*** SOURCE DATA Section Begins ***

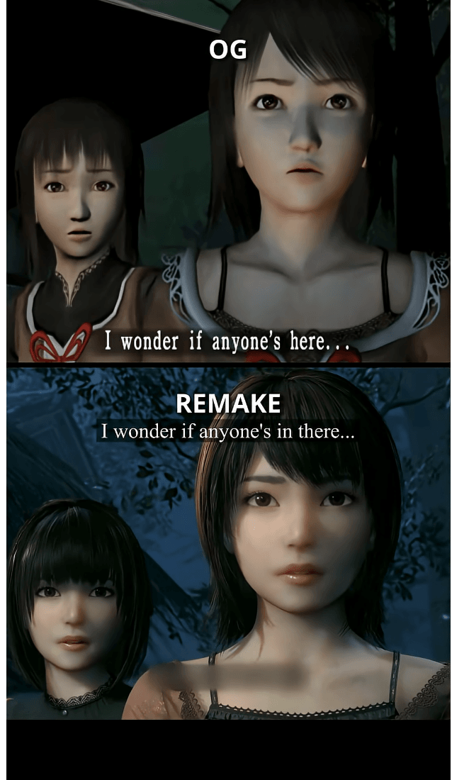레지던트 이블 2 리메이크가 원작의 핵심을 유지하면서도 모든 것을 현대적으로 재구성했던 것처럼, 페이탈 프레임 2 리메이크도 적어도 카메라 시점만큼은 그런 변화를 시도합니다. 더 이상 고정 시점이 아니라, 이제는 3인칭 시점으로 플레이하며 미나카미 마을을 조사하는 내내 자유롭게 카메라를 조작할 수 있습니다. 하지만 그 외의 현대적인 개선 요소들은 기대에 못 미칩니다. 사실 2012년에 나온 프로젝트 제로 2 Wii 에디션조차 거의 비슷한 수준의 개선점을 갖추고 있었을 정도입니다.
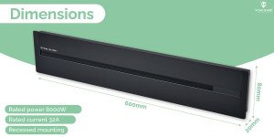 Zásuvková lišta - zápustná montáž • kompaktní rozměry 8 x 2 x 60 cm • připojení až 7 zásuvkových modulů • napájení 230V, 50Hz • ideální pro domácí i kancelářské využití • jmenovitý proud 32 A • robustní hliníková slitina • jmenovitý výkon 8000 W • ochrana IP20 • izolační napětí 500V • snadná manipulace a individuální uspořádání modulů v zásuvkové liště
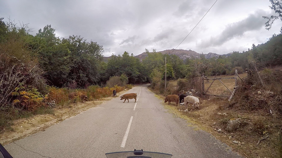 Bocognano felé vettük az irányt, itt szándékoztunk a T20-asra felhajtani. De addig volt részünk pár meglepetésben: malacok az úton, eső a nyakunkba.

*** SOURCE DATA Section Ends ***

**WORK ORDER**.
Output the data exactly as it is, with the pictures dropped.

**RESPONSE TO THE TASK**.
레지던트 이블 2 리메이크가 원작의 핵심을 유지하면서도 모든 것을 현대적으로 재구성했던 것처럼, 페이탈 프레임 2 리메이크도 적어도 카메라 시점만큼은 그런 변화를 시도합니다. 더 이상 고정 시점이 아니라, 이제는 3인칭 시점으로 플레이하며 미나카미 마을을 조사하는 내내 자유롭게 카메라를 조작할 수 있습니다. 하지만 그 외의 현대적인 개선 요소들은 기대에 못 미칩니다. 사실 2012년에 나온 프로젝트 제로 2 Wii 에디션조차 거의 비슷한 수준의 개선점을 갖추고 있었을 정도입니다.
 Zásuvková lišta - zápustná montáž • kompaktní rozměry 8 x 2 x 60 cm • připojení až 7 zásuvkových modulů • napájení 230V, 50Hz • ideální pro domácí i kancelářské využití • jmenovitý proud 32 A • robustní hliníková slitina • jmenovitý výkon 8000 W • ochrana IP20 • izolační napětí 500V • snadná manipulace a individuální uspořádání modulů v zásuvkové liště
 Bocognano felé vettük az irányt, itt szándékoztunk a T20-asra felhajtani. De addig volt részünk pár meglepetésben: malacok az úton, eső a nyakunkba.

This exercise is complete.